As the name implies, one part of the bond involves a hydrogen atom. This hydrogen must be attached to a strongly electronegative? heteroatom, such as oxygen or nitrogen, the hydrogen-bond donor. The other half of the bond is another such heteroatom (N or O), called the hydrogen-bond acceptor. This has a lone pair of electrons with which the positive hydrogen can interact.

Generally speaking, the donor is that atom to which, in the absence of the hydrogen bond, the attachment of the hydrogen atom would not increase the positive formal charge on the molecule, whereas attaching the hydrogen to the acceptor atom would leave that portion of the molecule with a positive formal charge (dipole).

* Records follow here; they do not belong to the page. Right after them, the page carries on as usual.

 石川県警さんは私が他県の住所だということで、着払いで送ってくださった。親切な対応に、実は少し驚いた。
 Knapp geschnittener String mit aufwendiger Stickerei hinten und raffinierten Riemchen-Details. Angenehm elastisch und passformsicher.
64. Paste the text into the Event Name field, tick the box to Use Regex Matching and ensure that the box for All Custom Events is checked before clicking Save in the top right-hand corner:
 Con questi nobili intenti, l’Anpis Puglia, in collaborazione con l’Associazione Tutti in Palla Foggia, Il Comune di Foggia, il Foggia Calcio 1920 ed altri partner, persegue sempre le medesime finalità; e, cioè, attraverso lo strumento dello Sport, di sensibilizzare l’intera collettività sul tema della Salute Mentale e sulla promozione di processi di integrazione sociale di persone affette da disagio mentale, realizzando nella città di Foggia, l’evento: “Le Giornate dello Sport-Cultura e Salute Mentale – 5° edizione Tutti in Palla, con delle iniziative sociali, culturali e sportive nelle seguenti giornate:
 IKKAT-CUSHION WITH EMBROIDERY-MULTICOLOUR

The most ubiquitous, and perhaps simplest, example of a hydrogen bond is found in the interaction among water molecules. In a discrete water molecule, water has two hydrogen atoms and one oxygen atom. Two molecules of water can form a hydrogen bond between them. The oxygen of one water molecule has two lone pairs of electrons, each of which can form a hydrogen bond with hydrogens on two further water molecules. This can repeat so every water molecule is H-bonded with four other molecules (two through its 2-lone pairs, and two through its 2 hydrogen atoms.)

 H-O-H...O-H2

Hydrogen bonds are very strong manifestations of a dipole-dipole attraction. Although they are strong, they are still generally weaker than both ionic and covalent bonds.

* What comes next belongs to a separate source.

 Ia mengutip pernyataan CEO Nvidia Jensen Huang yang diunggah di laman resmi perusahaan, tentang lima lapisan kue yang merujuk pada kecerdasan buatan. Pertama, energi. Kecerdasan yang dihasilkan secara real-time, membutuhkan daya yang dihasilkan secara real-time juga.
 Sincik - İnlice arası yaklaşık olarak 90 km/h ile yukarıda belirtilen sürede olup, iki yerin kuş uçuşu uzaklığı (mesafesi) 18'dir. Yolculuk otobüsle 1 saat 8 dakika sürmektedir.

Liquid water's high boiling point is credited to the high ratio of number of H-bonds each molecule can have compared to it's low molecular mass. Water is unique because its oxygen atom has 2-lone pairs and 2-hydrogen atoms, meaning that the total number of bonds of a water molecule is 4. Compared to hydrogen flouride - which has 2-lone pairs on the F atom but only one H atom - which can have a total of 2 bonds.

  H-F...H-F...H-F

In solid water (ie, ice), the crystalline lattice is dominated by a regular array of hydrogen bonds which space the water molecules further apart than is found in liquid water. This manifests itself in water's decrease in density upon freezing. In other words, the presence of hydrogen bonds enables ice to float, because this spacing causes ice to be less dense than liquid water.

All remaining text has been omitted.